WORK TASK: Transcribe the records that follow. Keep every word exactly, and drop the pictures.

# # # # # # #

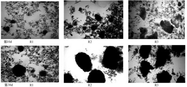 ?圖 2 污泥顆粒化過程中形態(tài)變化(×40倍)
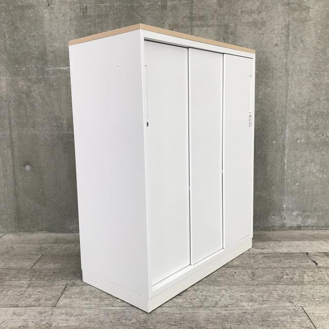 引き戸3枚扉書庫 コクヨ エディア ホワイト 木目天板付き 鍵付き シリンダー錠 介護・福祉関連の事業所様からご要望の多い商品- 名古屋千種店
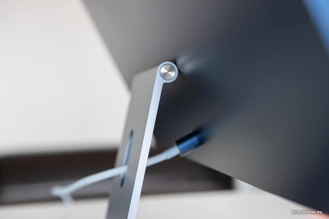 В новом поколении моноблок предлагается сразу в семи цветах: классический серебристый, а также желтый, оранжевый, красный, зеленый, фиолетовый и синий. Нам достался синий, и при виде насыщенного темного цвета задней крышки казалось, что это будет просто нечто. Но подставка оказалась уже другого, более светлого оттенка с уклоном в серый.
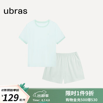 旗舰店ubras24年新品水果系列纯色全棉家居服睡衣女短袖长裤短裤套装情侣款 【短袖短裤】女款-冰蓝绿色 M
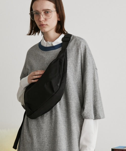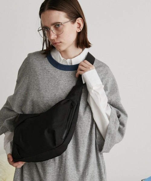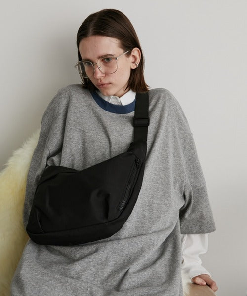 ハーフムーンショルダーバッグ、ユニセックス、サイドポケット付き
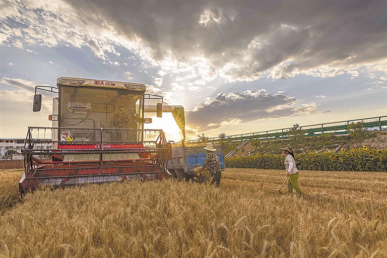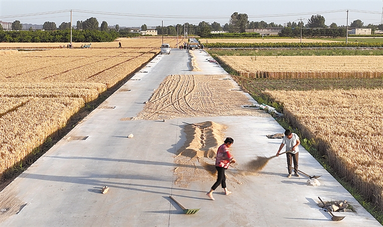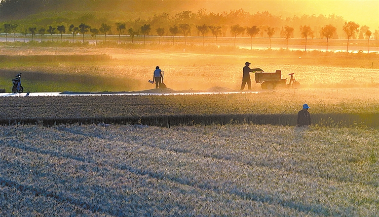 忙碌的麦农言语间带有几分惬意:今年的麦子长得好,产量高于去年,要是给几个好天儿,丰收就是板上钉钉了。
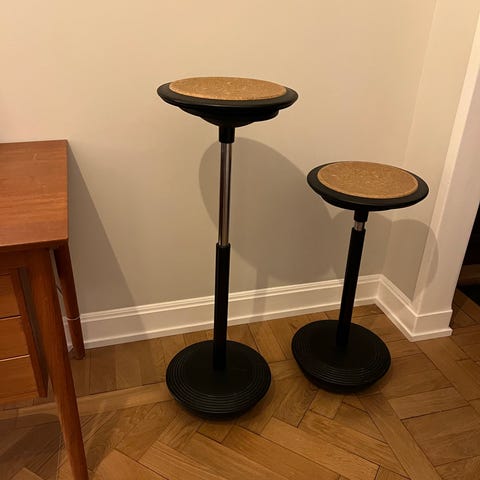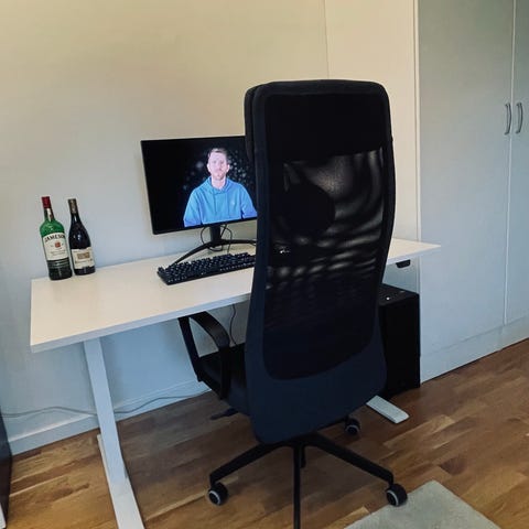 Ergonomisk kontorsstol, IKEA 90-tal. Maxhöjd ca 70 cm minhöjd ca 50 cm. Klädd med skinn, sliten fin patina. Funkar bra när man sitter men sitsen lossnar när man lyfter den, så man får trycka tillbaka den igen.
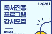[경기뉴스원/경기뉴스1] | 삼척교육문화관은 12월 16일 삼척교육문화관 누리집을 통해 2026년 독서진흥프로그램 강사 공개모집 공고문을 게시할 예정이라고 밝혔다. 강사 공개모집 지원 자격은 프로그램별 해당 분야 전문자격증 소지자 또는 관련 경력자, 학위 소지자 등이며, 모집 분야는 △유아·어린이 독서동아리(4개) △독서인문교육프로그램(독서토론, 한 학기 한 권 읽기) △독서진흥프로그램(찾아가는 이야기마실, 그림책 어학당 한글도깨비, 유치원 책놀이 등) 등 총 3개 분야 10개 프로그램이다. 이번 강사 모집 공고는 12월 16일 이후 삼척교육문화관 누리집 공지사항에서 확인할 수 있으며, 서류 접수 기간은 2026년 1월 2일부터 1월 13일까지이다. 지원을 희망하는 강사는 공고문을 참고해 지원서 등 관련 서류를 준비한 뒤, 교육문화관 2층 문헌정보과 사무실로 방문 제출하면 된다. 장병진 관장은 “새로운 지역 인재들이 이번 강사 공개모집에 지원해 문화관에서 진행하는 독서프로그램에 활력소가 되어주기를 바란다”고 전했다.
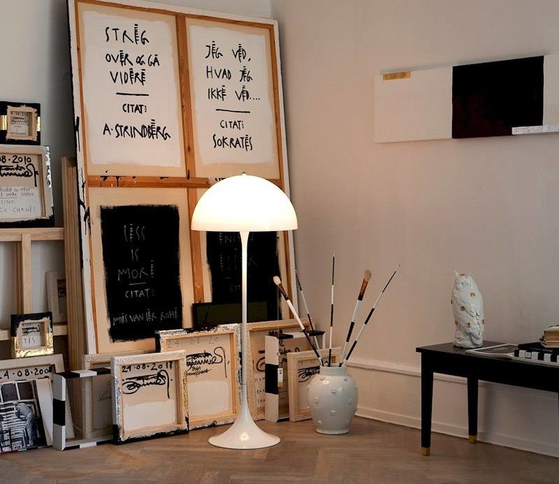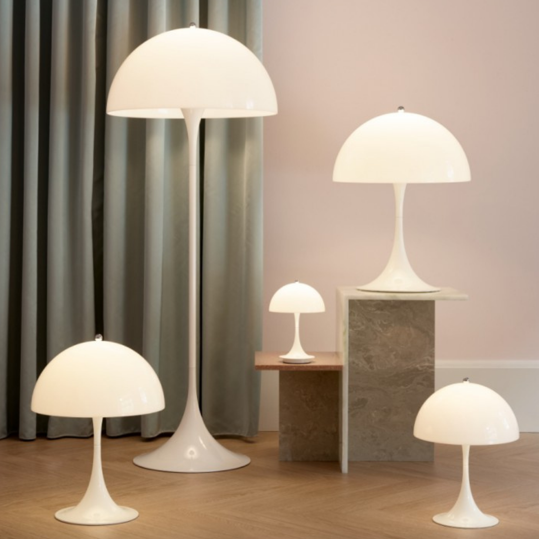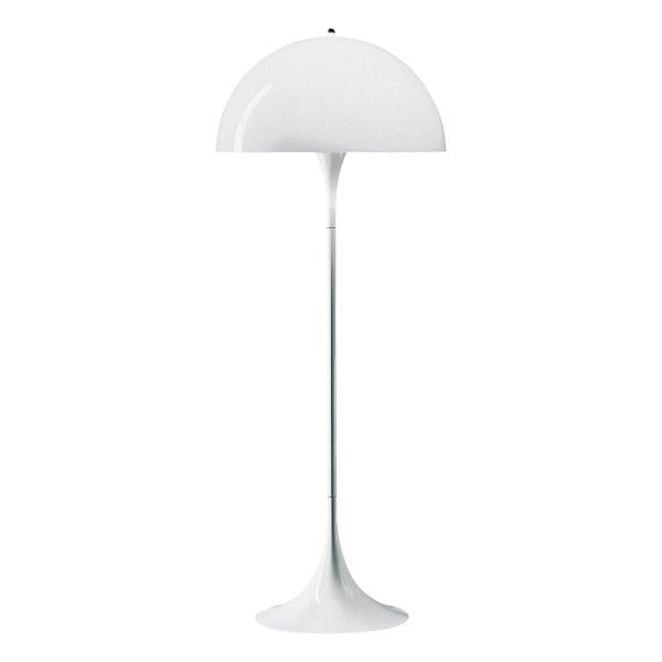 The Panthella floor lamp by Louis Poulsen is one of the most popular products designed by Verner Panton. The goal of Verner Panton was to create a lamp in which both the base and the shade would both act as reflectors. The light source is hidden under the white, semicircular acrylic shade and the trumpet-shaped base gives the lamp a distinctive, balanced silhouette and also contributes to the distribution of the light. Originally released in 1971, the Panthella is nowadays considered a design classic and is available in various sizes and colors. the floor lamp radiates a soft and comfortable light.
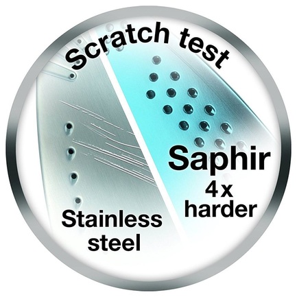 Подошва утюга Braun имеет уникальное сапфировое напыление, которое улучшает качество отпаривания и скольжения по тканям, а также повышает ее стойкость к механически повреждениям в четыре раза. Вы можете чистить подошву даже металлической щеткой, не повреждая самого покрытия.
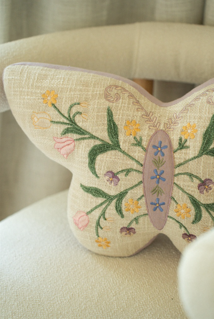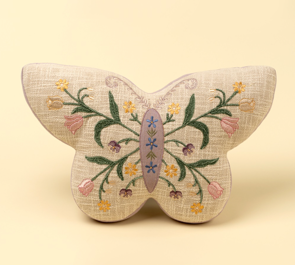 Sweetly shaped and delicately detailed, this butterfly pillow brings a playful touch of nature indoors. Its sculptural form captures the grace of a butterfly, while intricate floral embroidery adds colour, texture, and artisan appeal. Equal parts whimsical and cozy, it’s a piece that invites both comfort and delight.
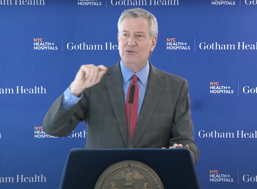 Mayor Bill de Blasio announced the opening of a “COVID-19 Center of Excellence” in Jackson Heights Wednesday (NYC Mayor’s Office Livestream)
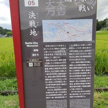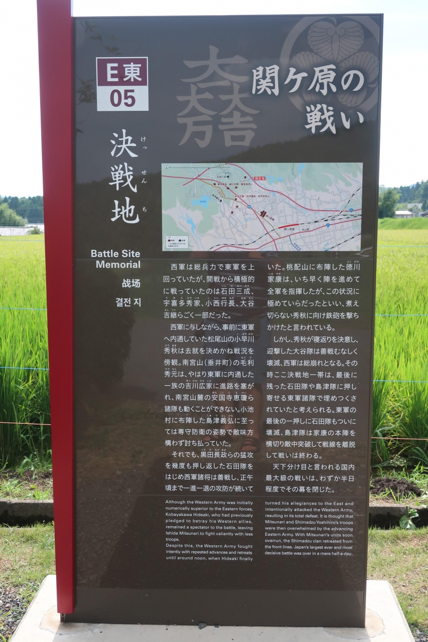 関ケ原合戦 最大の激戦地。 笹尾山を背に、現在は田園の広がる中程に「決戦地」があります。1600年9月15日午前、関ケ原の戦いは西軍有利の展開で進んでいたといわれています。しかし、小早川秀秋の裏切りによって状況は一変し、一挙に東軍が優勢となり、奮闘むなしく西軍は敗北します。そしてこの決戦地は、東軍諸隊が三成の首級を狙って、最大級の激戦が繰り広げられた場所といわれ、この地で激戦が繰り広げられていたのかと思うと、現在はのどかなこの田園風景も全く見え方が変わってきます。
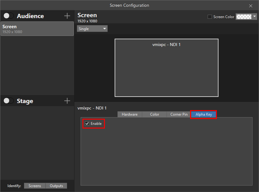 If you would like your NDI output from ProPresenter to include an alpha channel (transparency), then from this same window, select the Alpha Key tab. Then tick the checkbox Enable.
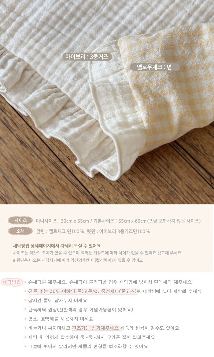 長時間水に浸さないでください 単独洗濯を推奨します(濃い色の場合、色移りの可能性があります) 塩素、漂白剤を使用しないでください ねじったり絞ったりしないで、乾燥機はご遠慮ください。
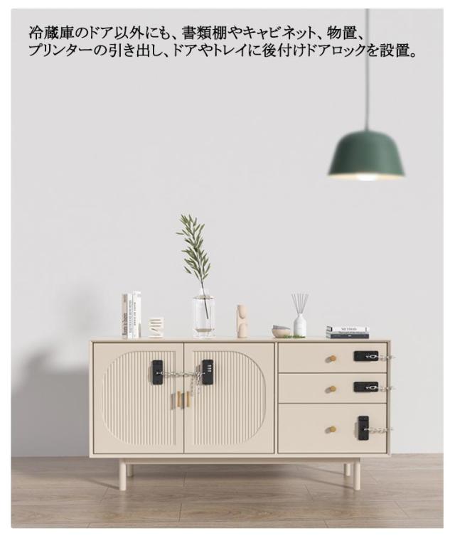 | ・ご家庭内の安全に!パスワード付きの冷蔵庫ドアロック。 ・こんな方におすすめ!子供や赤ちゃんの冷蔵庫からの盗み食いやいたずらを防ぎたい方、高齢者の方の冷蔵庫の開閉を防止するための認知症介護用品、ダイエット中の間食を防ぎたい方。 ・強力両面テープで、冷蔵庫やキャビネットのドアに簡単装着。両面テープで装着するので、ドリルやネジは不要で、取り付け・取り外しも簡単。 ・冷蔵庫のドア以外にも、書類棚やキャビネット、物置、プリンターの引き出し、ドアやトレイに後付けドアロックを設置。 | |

# # # # # # #

TASK RESPONSE:
 ?圖 2 污泥顆粒化過程中形態(tài)變化(×40倍)
 引き戸3枚扉書庫 コクヨ エディア ホワイト 木目天板付き 鍵付き シリンダー錠 介護・福祉関連の事業所様からご要望の多い商品- 名古屋千種店
 В новом поколении моноблок предлагается сразу в семи цветах: классический серебристый, а также желтый, оранжевый, красный, зеленый, фиолетовый и синий. Нам достался синий, и при виде насыщенного темного цвета задней крышки казалось, что это будет просто нечто. Но подставка оказалась уже другого, более светлого оттенка с уклоном в серый.
 旗舰店ubras24年新品水果系列纯色全棉家居服睡衣女短袖长裤短裤套装情侣款 【短袖短裤】女款-冰蓝绿色 M
 ハーフムーンショルダーバッグ、ユニセックス、サイドポケット付き
 忙碌的麦农言语间带有几分惬意:今年的麦子长得好,产量高于去年,要是给几个好天儿,丰收就是板上钉钉了。
 Ergonomisk kontorsstol, IKEA 90-tal. Maxhöjd ca 70 cm minhöjd ca 50 cm. Klädd med skinn, sliten fin patina. Funkar bra när man sitter men sitsen lossnar när man lyfter den, så man får trycka tillbaka den igen.
[경기뉴스원/경기뉴스1] | 삼척교육문화관은 12월 16일 삼척교육문화관 누리집을 통해 2026년 독서진흥프로그램 강사 공개모집 공고문을 게시할 예정이라고 밝혔다. 강사 공개모집 지원 자격은 프로그램별 해당 분야 전문자격증 소지자 또는 관련 경력자, 학위 소지자 등이며, 모집 분야는 △유아·어린이 독서동아리(4개) △독서인문교육프로그램(독서토론, 한 학기 한 권 읽기) △독서진흥프로그램(찾아가는 이야기마실, 그림책 어학당 한글도깨비, 유치원 책놀이 등) 등 총 3개 분야 10개 프로그램이다. 이번 강사 모집 공고는 12월 16일 이후 삼척교육문화관 누리집 공지사항에서 확인할 수 있으며, 서류 접수 기간은 2026년 1월 2일부터 1월 13일까지이다. 지원을 희망하는 강사는 공고문을 참고해 지원서 등 관련 서류를 준비한 뒤, 교육문화관 2층 문헌정보과 사무실로 방문 제출하면 된다. 장병진 관장은 “새로운 지역 인재들이 이번 강사 공개모집에 지원해 문화관에서 진행하는 독서프로그램에 활력소가 되어주기를 바란다”고 전했다.
 The Panthella floor lamp by Louis Poulsen is one of the most popular products designed by Verner Panton. The goal of Verner Panton was to create a lamp in which both the base and the shade would both act as reflectors. The light source is hidden under the white, semicircular acrylic shade and the trumpet-shaped base gives the lamp a distinctive, balanced silhouette and also contributes to the distribution of the light. Originally released in 1971, the Panthella is nowadays considered a design classic and is available in various sizes and colors. the floor lamp radiates a soft and comfortable light.
 Подошва утюга Braun имеет уникальное сапфировое напыление, которое улучшает качество отпаривания и скольжения по тканям, а также повышает ее стойкость к механически повреждениям в четыре раза. Вы можете чистить подошву даже металлической щеткой, не повреждая самого покрытия.
 Sweetly shaped and delicately detailed, this butterfly pillow brings a playful touch of nature indoors. Its sculptural form captures the grace of a butterfly, while intricate floral embroidery adds colour, texture, and artisan appeal. Equal parts whimsical and cozy, it’s a piece that invites both comfort and delight.
 Mayor Bill de Blasio announced the opening of a “COVID-19 Center of Excellence” in Jackson Heights Wednesday (NYC Mayor’s Office Livestream)
 関ケ原合戦 最大の激戦地。 笹尾山を背に、現在は田園の広がる中程に「決戦地」があります。1600年9月15日午前、関ケ原の戦いは西軍有利の展開で進んでいたといわれています。しかし、小早川秀秋の裏切りによって状況は一変し、一挙に東軍が優勢となり、奮闘むなしく西軍は敗北します。そしてこの決戦地は、東軍諸隊が三成の首級を狙って、最大級の激戦が繰り広げられた場所といわれ、この地で激戦が繰り広げられていたのかと思うと、現在はのどかなこの田園風景も全く見え方が変わってきます。
 If you would like your NDI output from ProPresenter to include an alpha channel (transparency), then from this same window, select the Alpha Key tab. Then tick the checkbox Enable.
 長時間水に浸さないでください 単独洗濯を推奨します(濃い色の場合、色移りの可能性があります) 塩素、漂白剤を使用しないでください ねじったり絞ったりしないで、乾燥機はご遠慮ください。
 | ・ご家庭内の安全に!パスワード付きの冷蔵庫ドアロック。 ・こんな方におすすめ!子供や赤ちゃんの冷蔵庫からの盗み食いやいたずらを防ぎたい方、高齢者の方の冷蔵庫の開閉を防止するための認知症介護用品、ダイエット中の間食を防ぎたい方。 ・強力両面テープで、冷蔵庫やキャビネットのドアに簡単装着。両面テープで装着するので、ドリルやネジは不要で、取り付け・取り外しも簡単。 ・冷蔵庫のドア以外にも、書類棚やキャビネット、物置、プリンターの引き出し、ドアやトレイに後付けドアロックを設置。 | |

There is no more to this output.